SALISMA.COM (SC), JAKARTA – Jelang peringatan Hari AIDS Sedunia esok (1/12), pemimpin umat Katolik, Paus Fransiskus, menyerukan kepada setiap orang dengan HIV/AIDS (ODHA) dalam kondisi ekonomi apa pun untuk mengakses perawatan medis di wilayah masing-masing.
Melansir AFP, pesan tersebut disampaikan Paus jelang Hari AIDS Sedunia di Argentina. Ia mengatakan, jutaan orang hidup dengan penyakit tersebut dan hanya setengah dari mereka yang mengakses perawatan medis.
“Saya meminta umat berdoa untuk mereka dan mereka yang terkasih dan mendorong solidaritas sehingga yang termiskin mendapat manfaat dari diagnosis dan pengobatan yang memadai,” kata Paus.
“Dan akhirnya, saya memanggil semua orang untuk mengadopsi perilaku bertanggung jawab untuk mencegah penyebaran lebih lanjut penyakit ini,” lanjut Paus.
Komentar Paus diartikan banyak pihak sebagai sinyal baru pelonggaran Gereja Katolik terhadap penggunaan kondom sebagai upaya pencegahan HIV/AIDS.
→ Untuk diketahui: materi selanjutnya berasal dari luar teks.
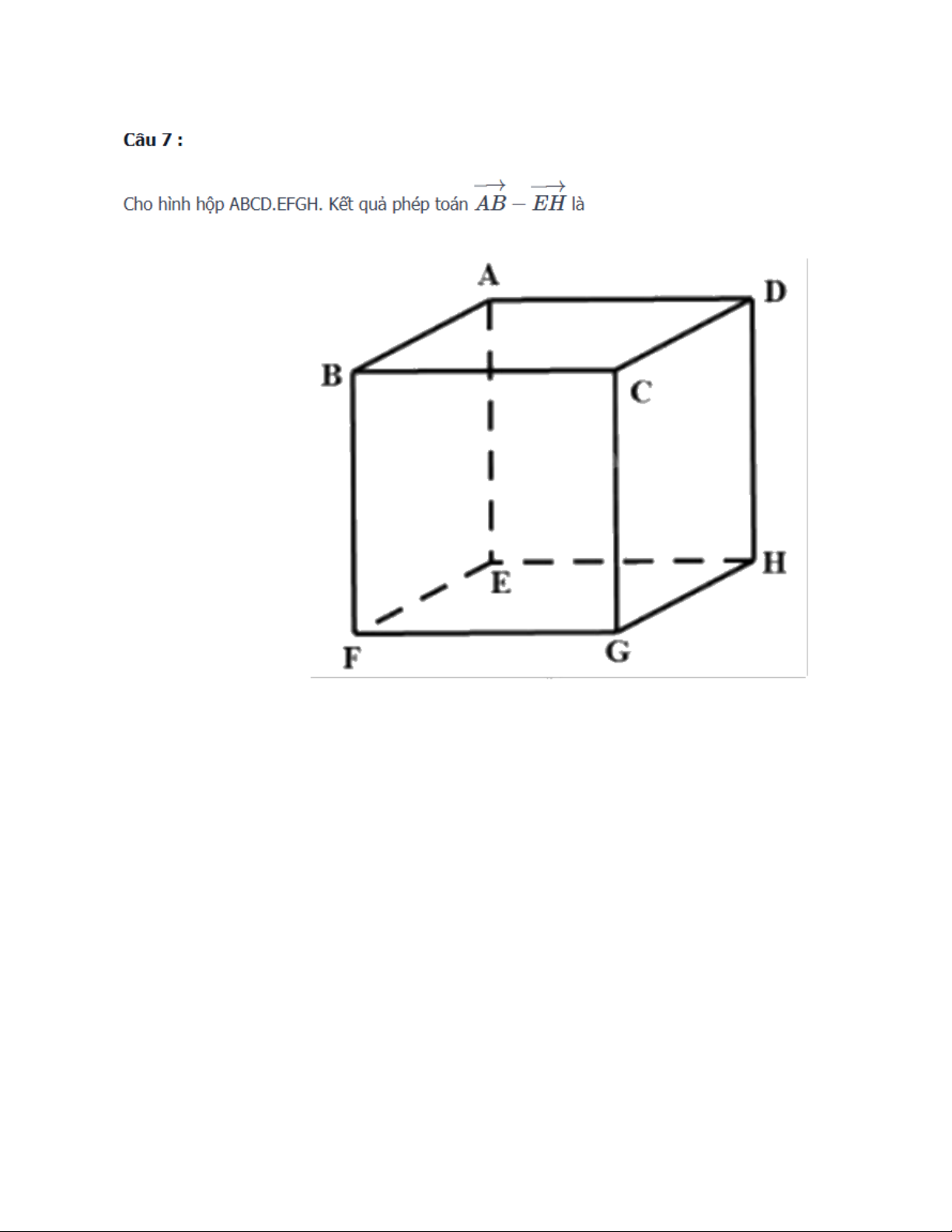 Cho hình hộp ABCD.EFGH. Kết quả phép toán là • A. • B. • C. • D. Câu 8 :
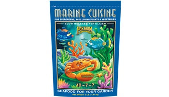 Marine Cuisine is an all-purpose fertilizer that blends ocean-based ingredients like crab meal, shrimp meal, seabird guano, and kelp with mineral plant foods to give your garden a quick boost and provide long-lasting, slow release nutrition.
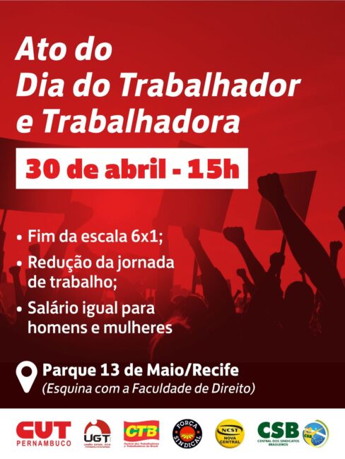 Movimentos sociais das capitais de Recife, Belo Horizonte, Fortaleza, Teresina, São Paulo e Rio de Janeiro já confirmaram os locais de concentração das atividades do 1º de Maio, Dia Internacional dos Trabalhadores. Além de festejar a trajetória da luta de classe, os trabalhadores irão às ruas para pressionar o Congresso Nacional pela aprovação da redução da jornada de trabalho sem perda de direitos e fim da escala 6×1.
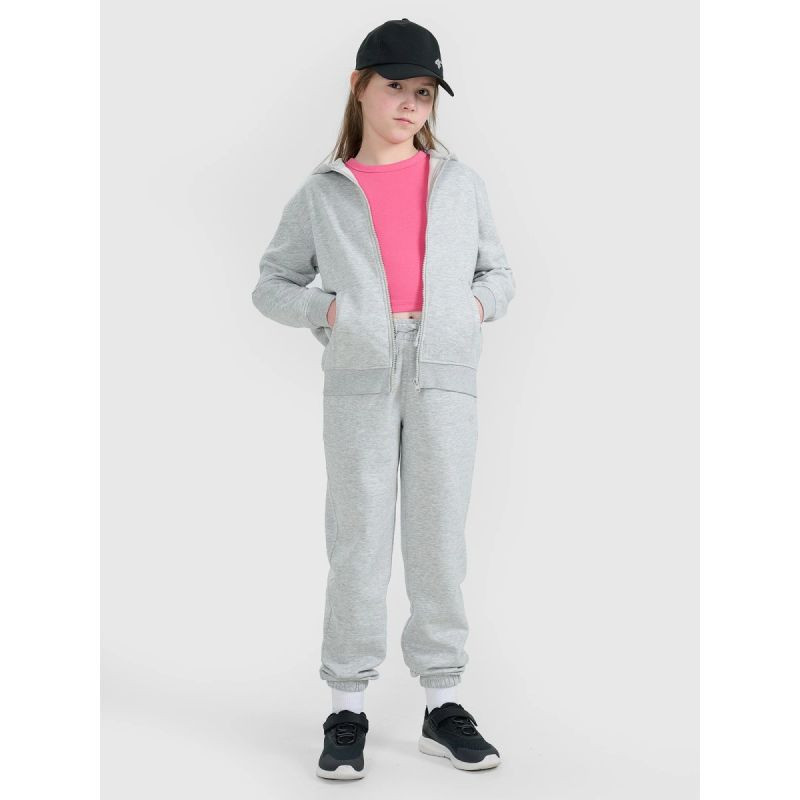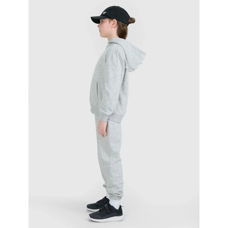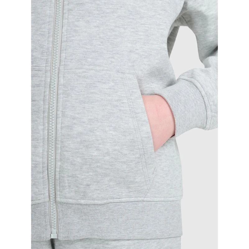 Ta rozpinana bluza dziewczęca 4F została zaprojektowana z myślą o codziennym komforcie i pełnej swobodzie ruchów. Krój oversize zapewnia luźne, wygodne ułożenie na sylwetce, a dzianina single jersey o gładkiej powierzchni gwarantuje elastyczność i wysoki komfort noszenia. Wykonana w 79% z bawełny oraz 21% z poliestru, łączy miękkość, trwałość i odporność na zużycie. Jednostronnie czesane wnętrze zapewnia dodatkowe ciepło, co sprawia, że bluza świetnie sprawdza się w chłodniejsze dni. Zintegrowany kaptur, mankiety i dół ze ściągaczem oraz 2 otwarte kieszenie boczne zwiększają funkcjonalność. Zapinana na jednokierunkowy zamek, to idealny wybór na co dzień, do szkoły czy aktywności na zewnątrz.
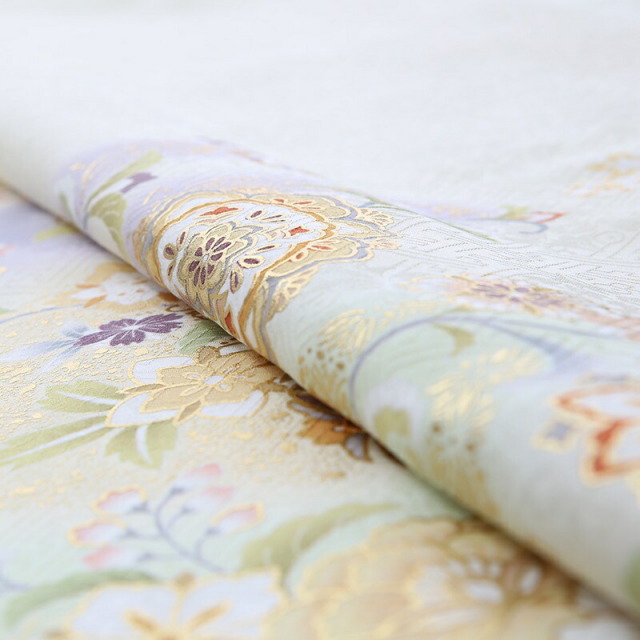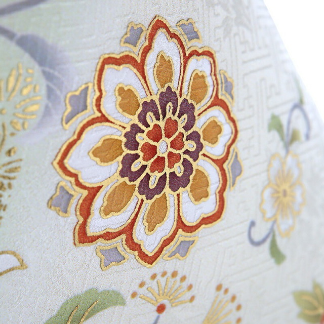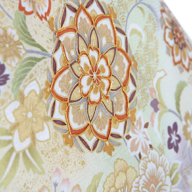 エキゾチックな雰囲気漂うこちらの訪問着。着物の地色は「淡黄蘗(うすきはだ)」と呼ばれる明るく淡い黄色。明るいのに儚げな雰囲気のある色味は、まるで暗い水平線から顔を出したばかりの月の色のような上品なカラーです。そして大きく描かれるのは、豪華な「宝相華(ほうそうげ)」。宝相華は、想像上の花の文様です。正倉院文様と呼ばれる、奈良時代に東大寺の正倉院に収蔵された、染織品に表されもの。インドや中国から伝わったもので、格調の高さを感じます。また「唐花紋(からはなもん)」も中国から伝わる文様で、唐風の花や蓮花、牡丹、空想の花など数種類の植物のモチーフを合成することにより出来上がったもの。特定の花を指すのではなく、牡丹のような形の唐風の花などを、唐花とよんでいます。どちらも四季を問わずに着用していただける人気の文様になります。伝統的なきものにモダンさが足され、お洒落に仕上がっています。格調の高さを感じる非常に豪華な装いは、おめでたいシーンにぴったりでしょう。
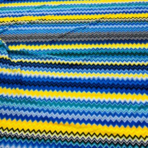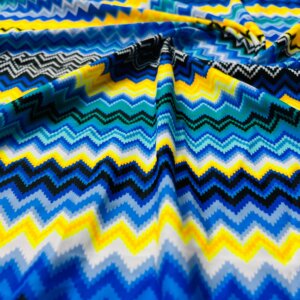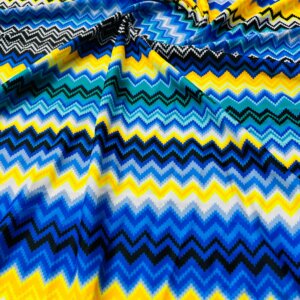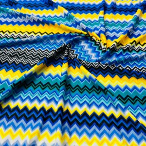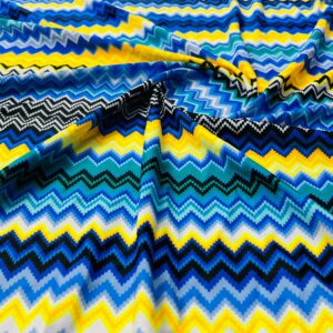 You are viewing Zic Zac Blue and Yellow Print Nylon Spandex Fabric 4 Way Stretch By Yard for swimwear dancewear gymwear sportwear
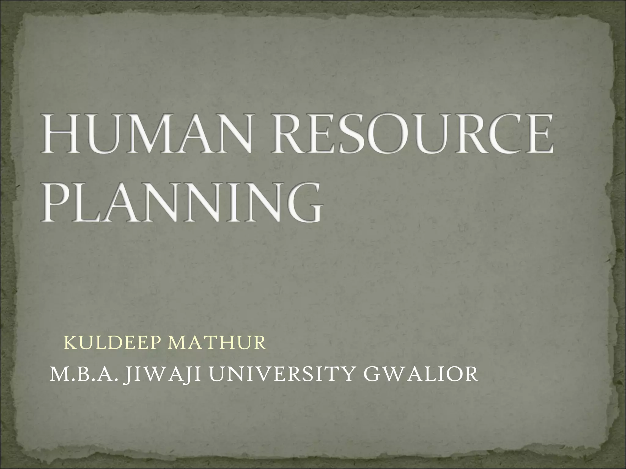 1. Human resource planning involves forecasting an organization's future workforce needs and determining how to meet those needs.
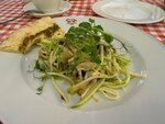 Неплохо, но могли бы получше (камешек в огород повара!) Были вчетвером, столик бронировали заранее, по меню: пицца 4 сыра, тальятта и овощи на пару оказались хороши, свинные медальоны сухие и жесткие, лазанья с рыбой - недоготовлена, в середине попадались холодные листы теста. Десерты тоже оставили двоякое впечатление: миндальный тортик вкусный, а вот рикота с грушей как-то не произвела должного впечатления. Подача долгая, основные блюда ждали полчаса, причем сначала принесли двоим, а только минут через 10, оставшимся. Сначала подали кофе, потом принесли десерты... Официанты хорошие, приветливые, пересадили за столик получше (в уголке, с диванчиками), вовремя сориентировали по составу детских блюд, доброжелательная атмосфера.

Sebelumnya, Paus Benediktus XVI mengatakan, pada 2010, bahwa alat kontrasepsi dapat diterima bila bertujuan tunggal untuk mengurangi infeksi HIV dan terjangkit AIDS.
Namun petuah Paus Fransiskus juga diartikan banyak pihak lain sebagai peringatan kepada para ODHA agar menahan diri dari berhubungan seks.
Paus Fransiskus sebelumnya mengatakan bahwa masalah kontrasepsi sempat menimbulkan pertanyaan membingungkan terkait pengajaran di gereja selama ini.
Gereja Katolik mengajarkan bahwa penggunaan kontrasepsi mengganggu penciptaan kehidupan dan karenanya harus dilarang.
Paus Benediktus mengakui bahwa kondisi seperti ini menimbulkan posisi dilematis bila kontrasepsi digunakan dengan tujuan untuk menghindari risiko kematian.
Uji Mandiri
Di sisi lain, Organisasi Kesehatan Dunia atau WHO menyatakan hampir setengah orang dengan HIV di dunia tidak mengetahui status infeksi mereka, dan menyerukan perluasan akses hingga tes mandiri di rumah.
Badan PBB tersebut mengatakan, sebesar 40 persen dari sekitar 14 juta dari orang dengan HIV/AIDS (ODHA) di seluruh dunia tidak menyadari status infeksi mereka. Hal ini berdasarkan estimasi pada 2015.
Terhambatnya pemeriksaan secara kontinu juga dianggap masih menjadi halangan utama melaksanakan seluruh rekomendasi WHO, yaitu semua orang dengan HIV mesti mendapatkan terapi anti-retroviral (ART).
Saat ini, lebih dari 80 persen orang yang terdiagnosa dengan HIV telah mendapatkan ART. Namun jumlah ini masih kurang dari separuh 36,7 juta orang yang diyakini hidup dengan virus tersebut.
“Dunia masih memiliki kesenjangan perlakuan yang besar,” kata Gottfried Hirnschall, kepala departemen HIV WHO, pada Selasa (29/11) di Jenewa, seperti dilansir AFP.
“Sebenarnya,” ia menambahkan, “banyak orang terlambat mendapat perawatan karena mereka tidak menyadari mereka HIV positif.”